If so it makes me think about all the times I have perhaps been a little harsh and quick to rebuke those know it all that I have had heated, passionate debates with. Perhaps they were just in their ‘Hazard Phase’ in their own journey of development, and I wonder if I would I have been as receptive to others offering opposing views and critique when I was in my ‘Hazard Phase’?.

However, with that being said there are also many that will never come out of the ‘Hazard Phase’. These are the ones we should all be wary off and not waste our time or energy trying to debate or discuss with them. For these, there is no further development to be had. These are the many influential ‘guru’s’ and they are in my opinion best avoided for the sake of your sanity and blood pressure.

So I will leave you with this question… When was your ‘Hazard Phase’?

Or are you still in it?

As always, thanks for reading

Adam (definitely NOT an expert)

 

4 thoughts on “The ‘Hazard Phase’

  1. I am in the early stages of “I know nothing” but thanks to guys like yourself and the many other contributors who share their thoughts on twitter I think I am improving…but hard to say when improving means heading towards “Hazard Phase”!!

    • Hi David

      Thanks for your comments and youre right Twitter and blogs are a great way to avoid the Hazard Phase.

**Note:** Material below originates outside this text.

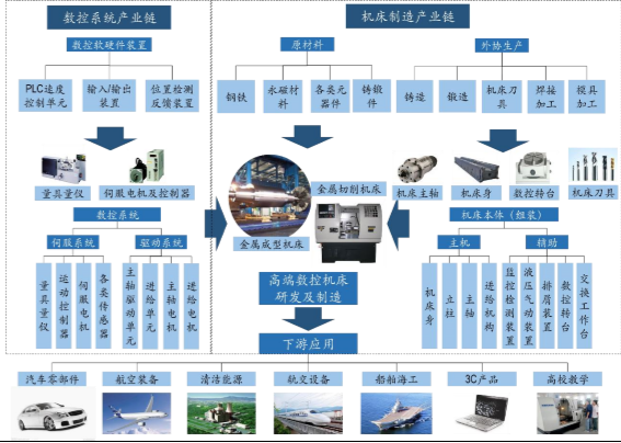 数控机床的产业链比较复杂,上游不仅有钢铁、铸锻件等原材料,还有包括液压电气相关的各类元器件以及电机中所需要使用的永磁材料。下游应用则包含汽车、3C、能源、航空航天等多个领域。

      I also don’t think all of us go into the Hazard Phase, most do, I definitely did, the key is to recognize there are always different explanations for everything we do, as soon as you think you fully understand something in this business, that is usually when I would say you have slipped into the Hazard Phase.

      Be comfortable, feeling uncomfortable and keep telling yourself and your patients, we just dont fully understand how/why this works….

      Cheers

      Adam

  2. Although I exist profoundly within the ‘I know nothing’ beginner phase I like to think about Socrates when thinking about learning and experience.

    ‘The only true wisdom is in knowing you know nothing.’

    It provides me with sense a relief that in knowing nothing, I am truly wise… perhaps. But I do agree with you, that this is likely to be part of how we learn and how we come to terms with being a professional. I would disagree that discussion and debate should only be for those who have come out the other side of the hazard phase and that identifying such people would be difficult.

    • Hi Plastic

      Thanks for your comments and I do like your avatar by the way.

      My comments about not debating with some people I think you have misinterpreted or I haven’t made myself clear. I am not saying we shouldn’t discuss or debate with people in the hazard phase of their journey, if they are open minded and prepared to accept and look at alternatives and different explanations. The ones I am referring to about not wasting time or energy with are the ones who are in the hazard phase and have closed their minds to any alternatives or different explanations, these in my experience are the manual therapy guru’s, the ones clinging to the notion of skill and precision is needed, that think they have a gift that cant be taught, that believe the effects are due to an ability to biomechanically alter things, that ignore and rule out non specific effects such as placebo and patient expectation etc, etc, its these that I have tried to discuss rationaley with and get nowhere, these people are deep in the hazard phase and they cannot be helped.